Pictures do not belong in the output. Reproduce exactly the lines from the start of the records through the line with "粉砕杉皮固形培地区は、ロック".

EXERCISE DATA START

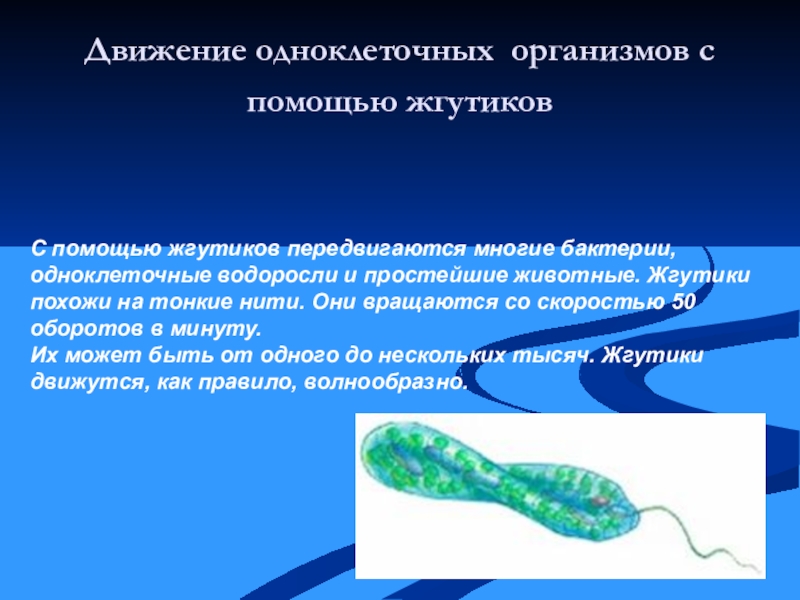 бактерии, одноклеточные водоросли и простейшие животные. Жгутики похожи на тонкие нити. Они вращаются со скоростью 50 оборотов в минуту.
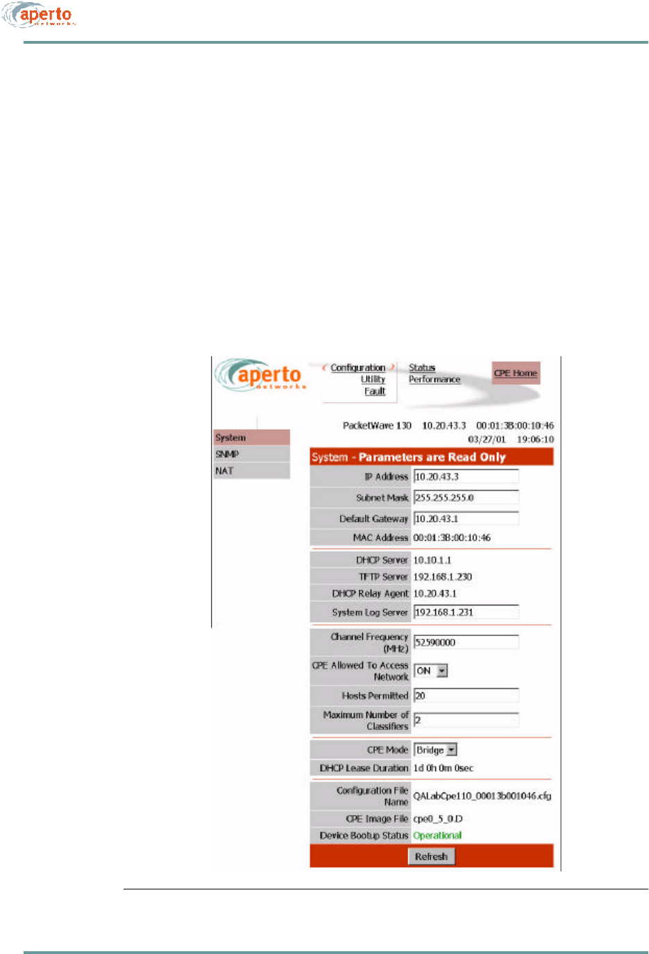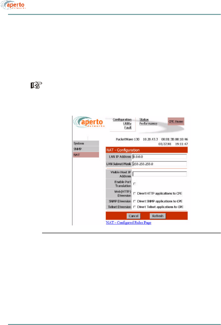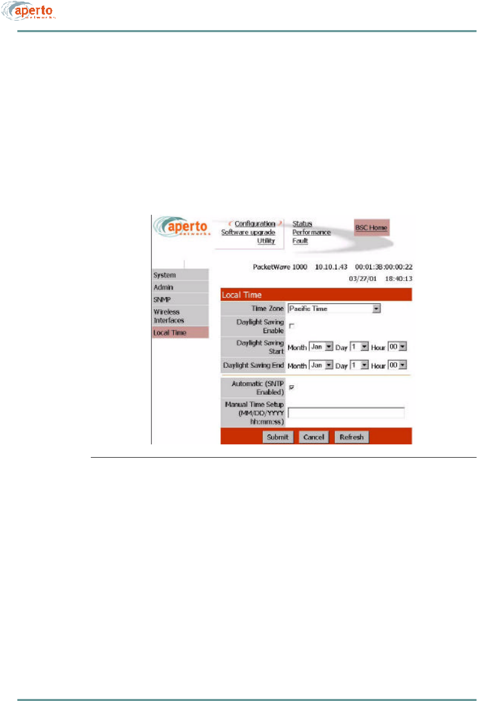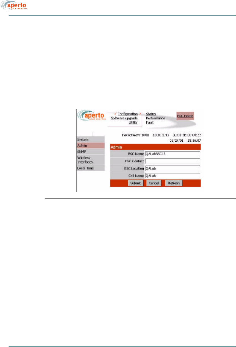 Aperto Networks BR1000-A1 PacketWave 1000 Series MMDS Base Station User Manual PacketWave 1000 Manual Rev A July 2001
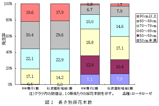 粉砕杉皮固形培地区は、ロックウール慣行区に比べ70cm以上の上位等級切り花発生率が高い(図2)。
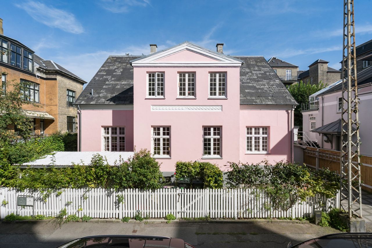 Man bemærker straks den smukke ikoniske lyserøde villa med de originale udsmykninger, når man tager sin gang gennem Mynstersvej. Ejendommen indeholder 2 ejerlejligheder og har opdelt have og parkeringspladser. Sælger har løbende vedligeholdt ejendommen - senest med malede facader, vinduer og sålbænke, malet hoveddør og frontparti samt fine dørklokker i messing.
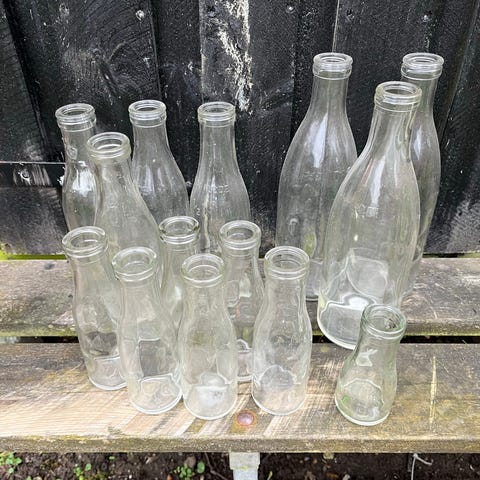 To klare glasflasker i forskellig højde med metal låg. Egnet til opbevaring af fx mælk, saft eller andre kolde drikke i køkkenet. Kan også bruges dekorativt til borddækning eller som små opbevaringsflasker.
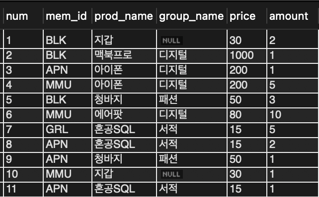 구매 테이블의 경우, 자동으로 순번이 들어가기 때문에 '컬럼1에 맞는 데이터값'은 항상 NULL 입력됨
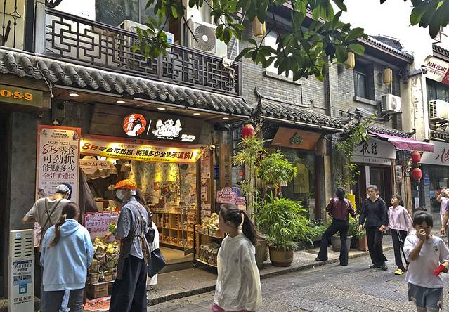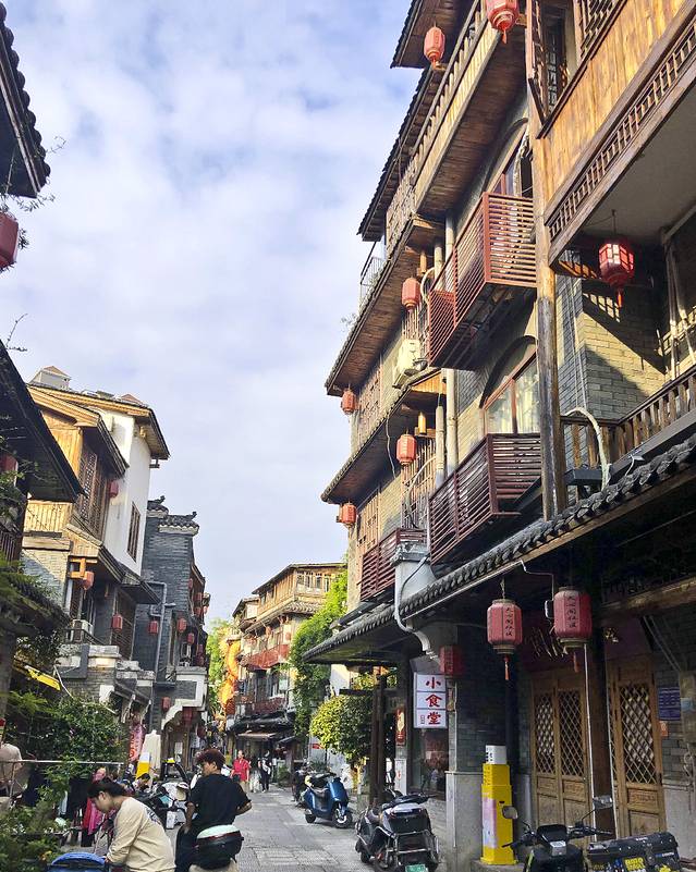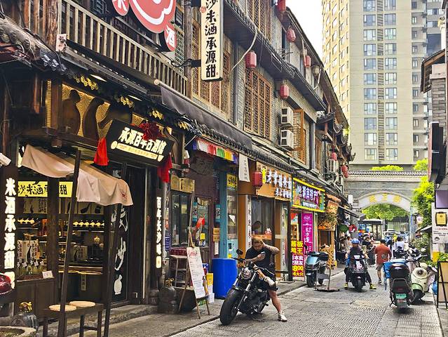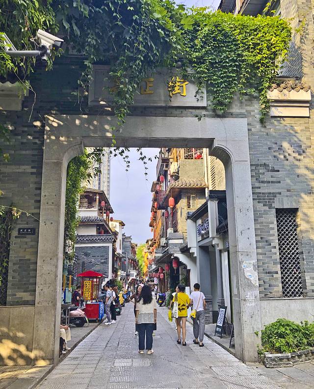 骑上小黄车奔向白果园历史文化街区,离的较远时就见到路边的小巷子不错,便存车走了进去,叫福正街,青石板铺路,两边老屋错落,小店精致美观,漫步在其中还挺有感觉。转过去的另一条巷子叫县正街,也不错。
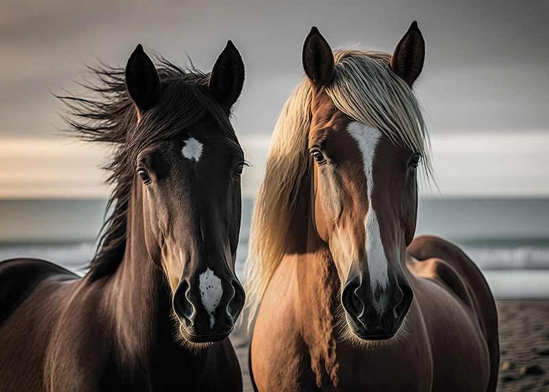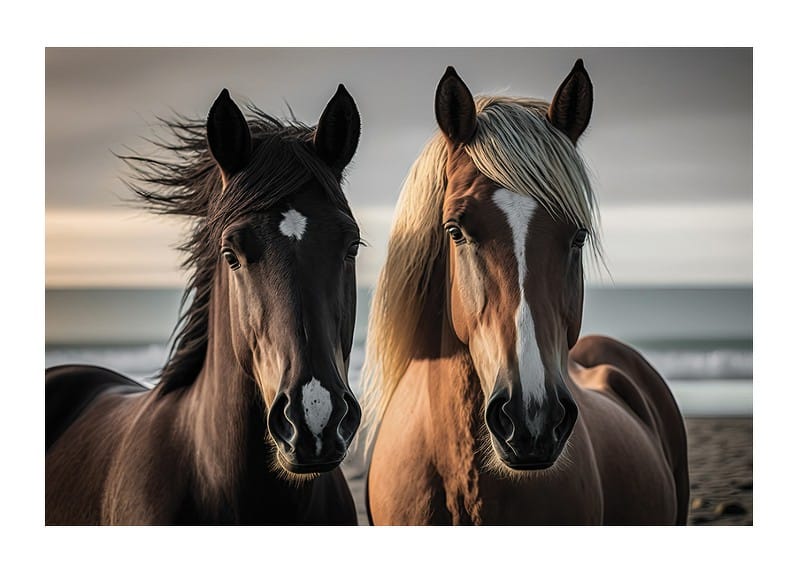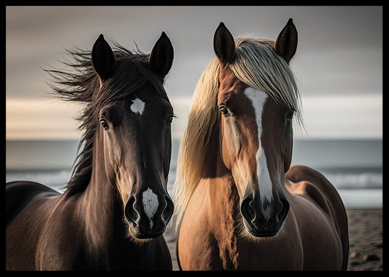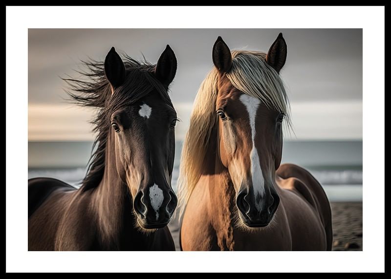 Two brown horses stand side by side with the sea as a backdrop. One has a dark mane and white forehead star, the other a light mane and white blaze. Soft natural tones and detailed shimmer in the fur and mane give a lively feel. This poster adds a calm and natural element to the interior.

EXERCISE DATA END

_REPLY_
 бактерии, одноклеточные водоросли и простейшие животные. Жгутики похожи на тонкие нити. Они вращаются со скоростью 50 оборотов в минуту.
 Aperto Networks BR1000-A1 PacketWave 1000 Series MMDS Base Station User Manual PacketWave 1000 Manual Rev A July 2001
 粉砕杉皮固形培地区は、ロックウール慣行区に比べ70cm以上の上位等級切り花発生率が高い(図2)。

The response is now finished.